Other researchers [57, 32] assign multiple columns to individual processors in a manner that tries to equalize the number of non-zero elements processed by each processor. It is not clear whether it is the number of non-zeroes before or after fill-in that is equalized. As this scheduling is based on the use of the elimination tree, and the coefficient matrix must be at least symbolically factorised before the tree can be derived, it is reasonable to assume that it is the number of non-zeroes after fill-in which is equalized. If the number of non-zeroes prior to elimination was equalized then the schedule would fail to take account of fill-ins that occur as a result of elimination. As factorisation proceeded the load across the network would become significantly imbalanced. This would be especially true for rows at the lower right of the matrix which become much more densely populated than rows at the top left of the matrix.

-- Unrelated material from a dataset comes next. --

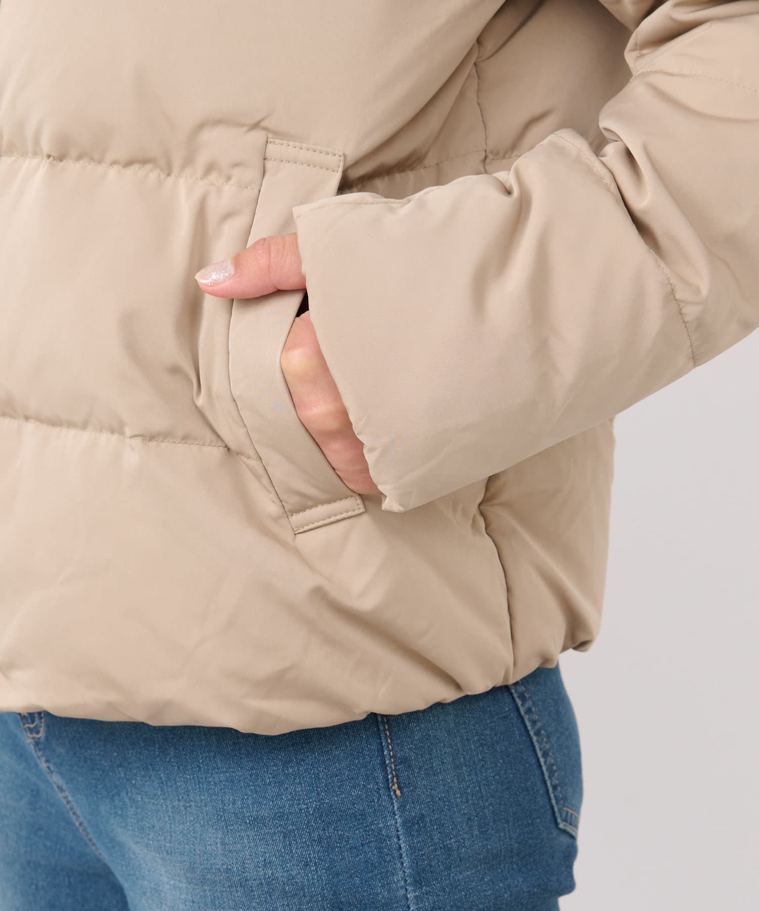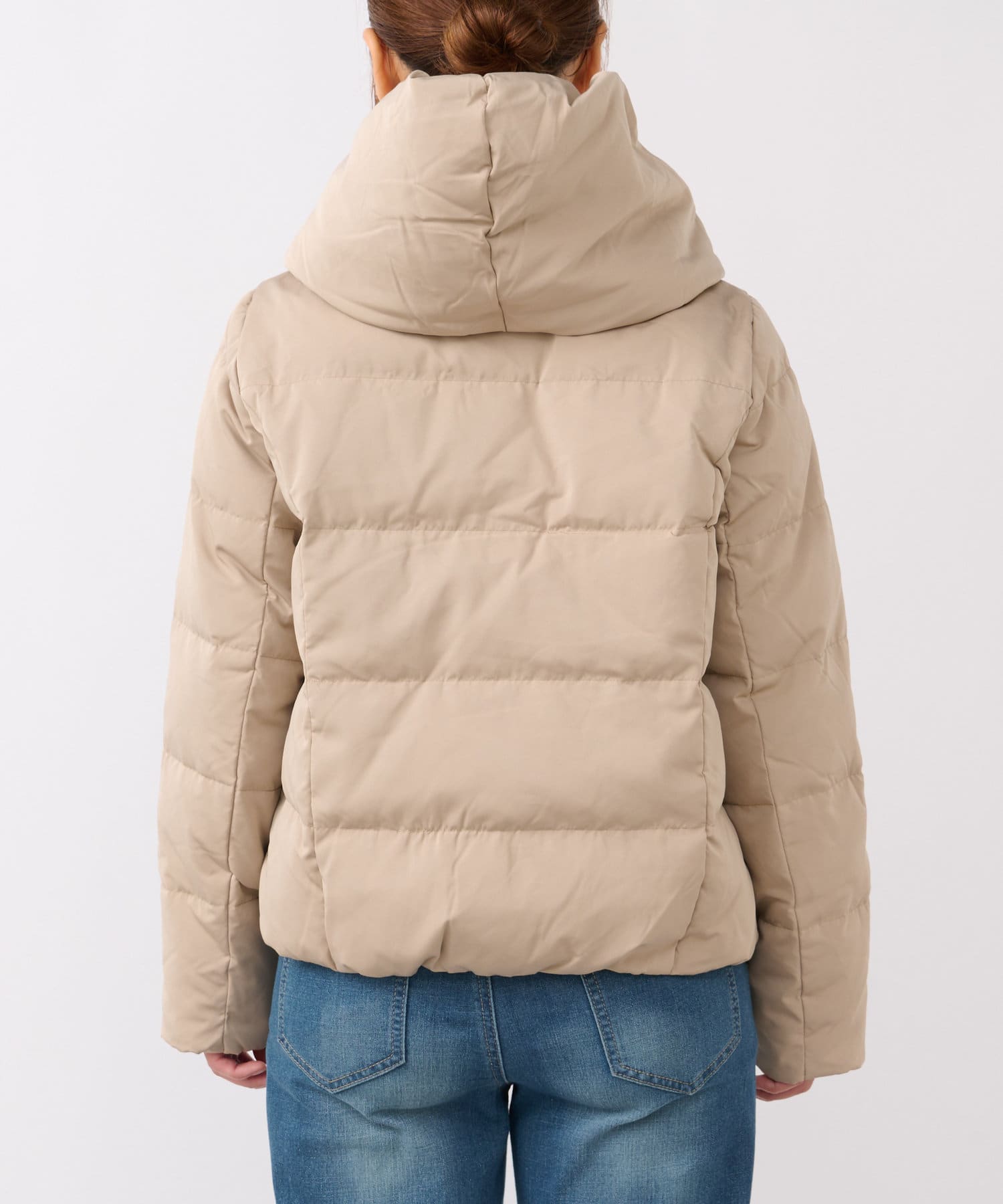 ・カジュアルなイメージのダウンジャケットを女性らしいピーチスキン素材で仕上げたアイテム
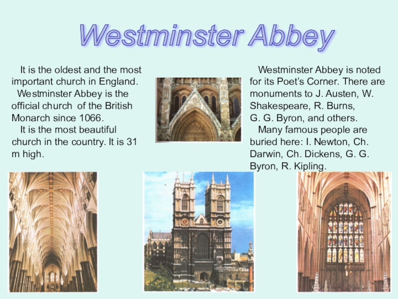 Many famous people are buried here: I. Newton, Ch. Darwin, Ch. Dickens, G. G. Byron, R. Kipling.

Liu [52] proposes a different approach based on the use of elimination trees to determine the scheduling strategy which gives the best load balance. Geist and $\operatorname{Ng}$ [73] also use this approach to balance the load in the parallel Cholesky factorisation method. This method gives a reasonably even load balancing and has been adapted for use with the LU-based solution.

### 4.3 The Elimination Tree and Parallel Processing

The factorisation path for each node in the elimination tree determines the precedence relationship in the factorisation and substitution phases of the triangular solution of the set of equations represented by matrix A. Nodes which do not belong to the same factorisation path are independent and may be processed simultaneously by assigning them to different processors in a multiprocessor array. This is true for both the factorisation and substitution operations of the solution. For example, nodes 5 and 6 in the 10 node example of Figure 2.6 belong to different factorisation paths and may be processed in parallel.

The power of the elimination tree lies in the fact that it is a useful tool for visualising the factorisation/substitution processes and the parallelism inherent in them. Recall that factorising a column of the coefficient matrix is equivalent to eliminating a node from the graph $G(A)$ and hence from the tree $T[A]$. It is easy to see that removing all the leaf nodes from the tree exposes a new layer of leaf nodes. Repeating the process again exposes another layer of leaf nodes, and so on. As each leaf node belongs to a different factorisation path


Figure 4.5: Partitioning of the elimination tree (a) and corresponding network partitions (b)
they can be simultaneously eliminated. This is true for each exposed layer of leaf nodes and exemplifies one typical approach to parallelising the triangular solution [73].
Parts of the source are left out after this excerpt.